Home loan interest rates rose again following the Reserve Bank of Australia’s decision to lift the official cash rate by 25 basis points to 3.35% in February.
The move will heap yet more financial pressure on Australian homeowners, many of which are already dealing with the biggest spike in the cost of living in two decades, according to the Australian Bureau of Statistics.
That’s after working households saw their living expenses soar by an annual rate of 9.3% in the December 2022 quarter, significantly higher than the consumer price index which rose 7.8% over the same timeframe.
The good news, though, is that there are steps you can take to give yourself some financial breathing room and cushion the blow from runaway prices.

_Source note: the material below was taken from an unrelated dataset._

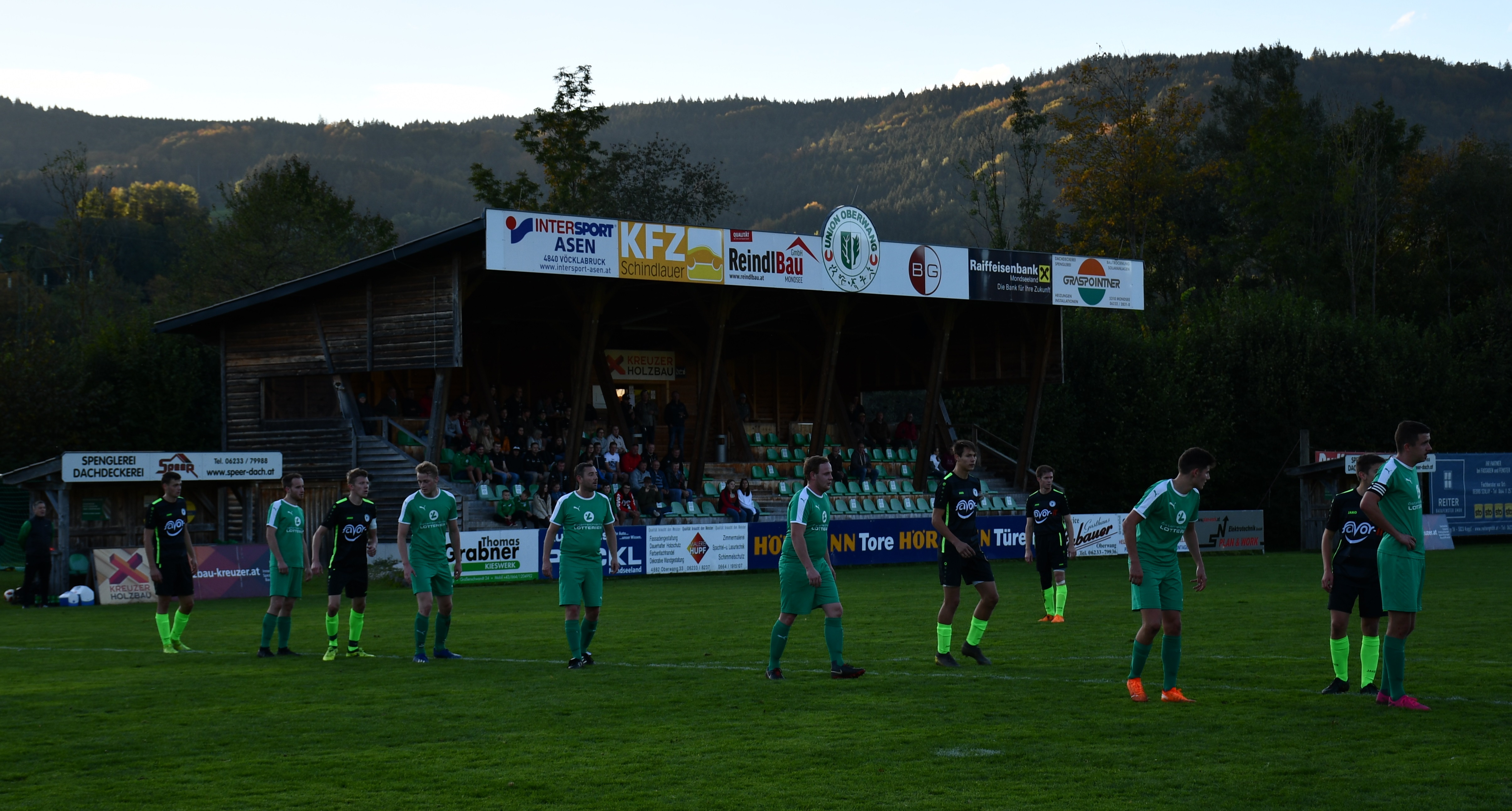 Ohne den Dreh- und Angelpunkt Daniel Lettner tun sich die Oberwanger zu Beginn etwas schwerer, um in Partie zu kommen. Die erste Chance bietet sich aus einem Freistoß, wobei man hier mit Mario Lettner einen Spezialisten hat. Der nimmt sich gleich des ruhenden Balles an, setzt den Ball aber an die Latte. (10.) Drei Minuten später ist es wieder Mario Lettner, der den Ball nach einer Hereingabe übers Tor schießt. Die Grünauer spielen in einer anfangs mäßigen Partie auch ganz gut mit, können aber nicht wirklich viel Gefahr erzeugen. Auf Seiten der Oberwanger ist es wieder Mario Lettner, der in der 36. Minute einen Weitschuss übers Tor setzt. Nach 39 Minuten fällt schließlich der Führungstreffer für Oberwang. Die Heimmannschaft führt einen Freistoß schnell aus, der Ball geht über die Mauer und Simon Loindl findet mit seinem Querpass Andreas Hofauer, der den Ball nur noch einschieben muss – das 1:0. Mit der knappen Führung geht es auch in die Pause.

Better yet, several of the following tips can help you keep your finances in check without making you thoroughly miserable in the process. That’s because being good with money is more about making smart financial choices than eating less avocado on toast.
Consider refinancing to a lower-rate loan
You don’t have to look far to find the culprit behind December’s spike in living costs.
Home loan interest charges for working households jumped 26.6% over the December quarter to be up 61.3% over the year, after lenders large and small passed on the RBA’s rate rises to their customers.
But while loyal customers have been slugged with the full impact of nine successive rate rises, lenders have been aggressively discounting on the sly for new borrowers.
As a result, as of December 2022, the gap between the average interest rate existing owner-occupier variable-rate borrowers and new customers pay was 0.51 percentage points.
Fortunately, refinancing your mortgage can help you fix this and lower your borrowing costs – although keep in mind it’s not suitable for every borrower and does come with costs.
Consolidate higher-rate debts into a lower-interest loan
In a similar vein, high levels of debt can put a strain on your finances, so, firstly, avoid taking on any new debt where possible (including buy-now-pay-later). If you have any high-interest debt, such as car loans or personal loans, consider rolling it into a lower-interest loan such as your mortgage.
Debt consolidation can reduce your monthly costs and help you save on interest payments. That said, you could pay more in interest over the life of the new loan.
Cut your bills by shopping smart
Reducing your expenses doesn’t just involve cutting back on discretionary spending, such as entertainment and dining out (although that is a good idea). You can also save money by finding more cost-effective ways to meet your needs, such as:
- Taking advantage of sales and discounts
- Buying in bulk where possible
- Choosing generic or store-brand alternatives over name-brand products.
Budget for higher interest rates
Sadly, it’s pretty much a given that the RBA will raise rates again in the coming months. As such, it’s a good idea to budget for increased repayments on your mortgage (if possible) ahead of time.
Increase your income
Consider taking on a part-time job or freelance work to supplement your income. You can also sell items you no longer need or use for extra cash.